DATA FOR THE TASK section start

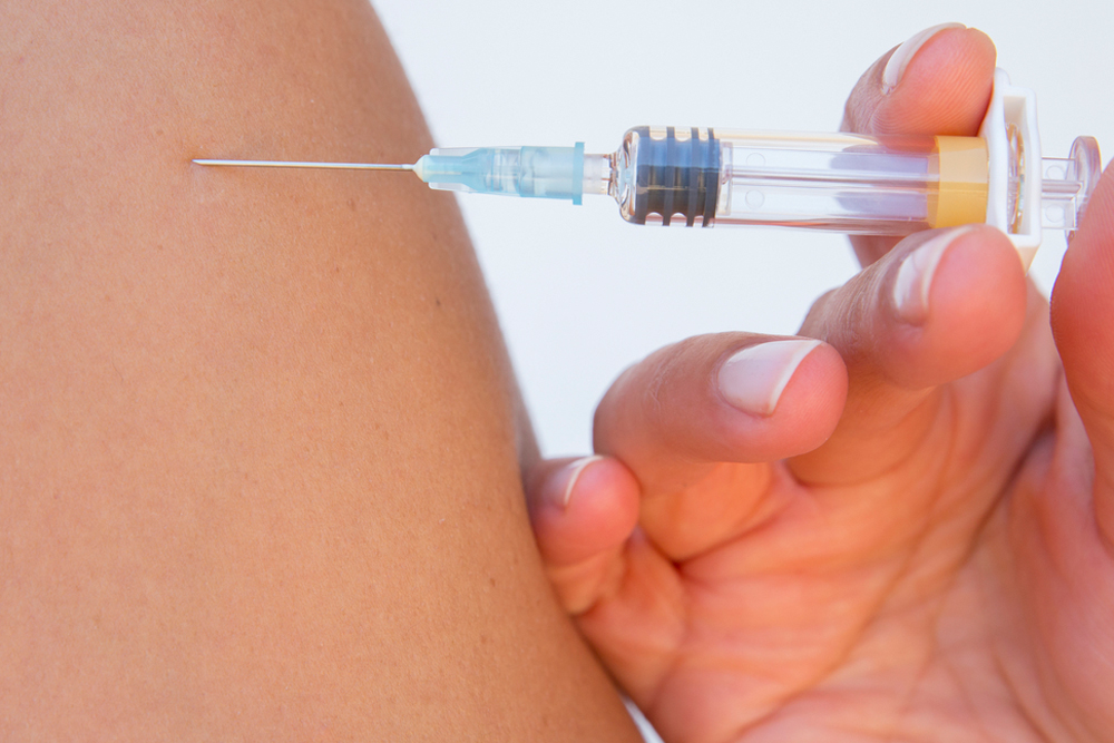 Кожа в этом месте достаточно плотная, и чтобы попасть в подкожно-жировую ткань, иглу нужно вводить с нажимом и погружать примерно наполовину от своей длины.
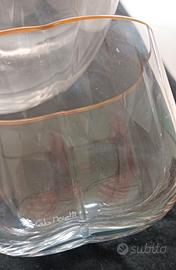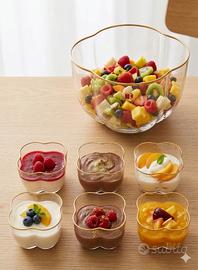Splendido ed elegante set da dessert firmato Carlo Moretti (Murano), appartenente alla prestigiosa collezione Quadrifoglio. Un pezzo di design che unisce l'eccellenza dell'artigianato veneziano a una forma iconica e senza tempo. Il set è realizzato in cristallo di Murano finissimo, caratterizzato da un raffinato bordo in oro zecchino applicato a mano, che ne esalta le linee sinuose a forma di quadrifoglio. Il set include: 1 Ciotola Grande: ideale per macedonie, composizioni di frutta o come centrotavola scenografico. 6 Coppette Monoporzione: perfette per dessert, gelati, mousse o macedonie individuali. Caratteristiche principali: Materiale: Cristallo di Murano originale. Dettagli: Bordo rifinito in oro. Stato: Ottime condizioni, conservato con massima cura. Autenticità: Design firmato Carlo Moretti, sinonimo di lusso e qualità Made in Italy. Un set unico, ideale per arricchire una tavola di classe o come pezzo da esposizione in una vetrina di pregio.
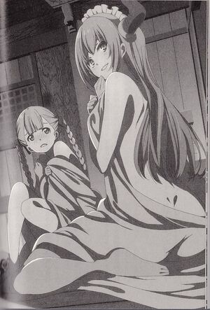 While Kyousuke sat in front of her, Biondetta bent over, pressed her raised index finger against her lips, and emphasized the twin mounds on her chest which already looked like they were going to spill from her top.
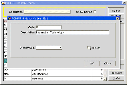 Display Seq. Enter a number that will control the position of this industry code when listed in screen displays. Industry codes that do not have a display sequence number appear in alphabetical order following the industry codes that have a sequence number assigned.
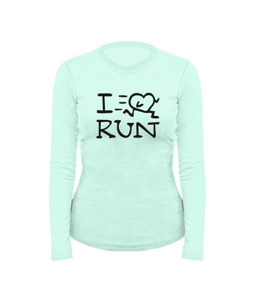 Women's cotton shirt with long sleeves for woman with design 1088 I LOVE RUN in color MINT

DATA FOR THE TASK section end

EXERCISE DIRECTIONS: Give back exactly the lines from the line with "Display Seq. Enter" through the end of the records, both included; keep all pictures out.

ANSWER AREA:
 Display Seq. Enter a number that will control the position of this industry code when listed in screen displays. Industry codes that do not have a display sequence number appear in alphabetical order following the industry codes that have a sequence number assigned.
 Women's cotton shirt with long sleeves for woman with design 1088 I LOVE RUN in color MINT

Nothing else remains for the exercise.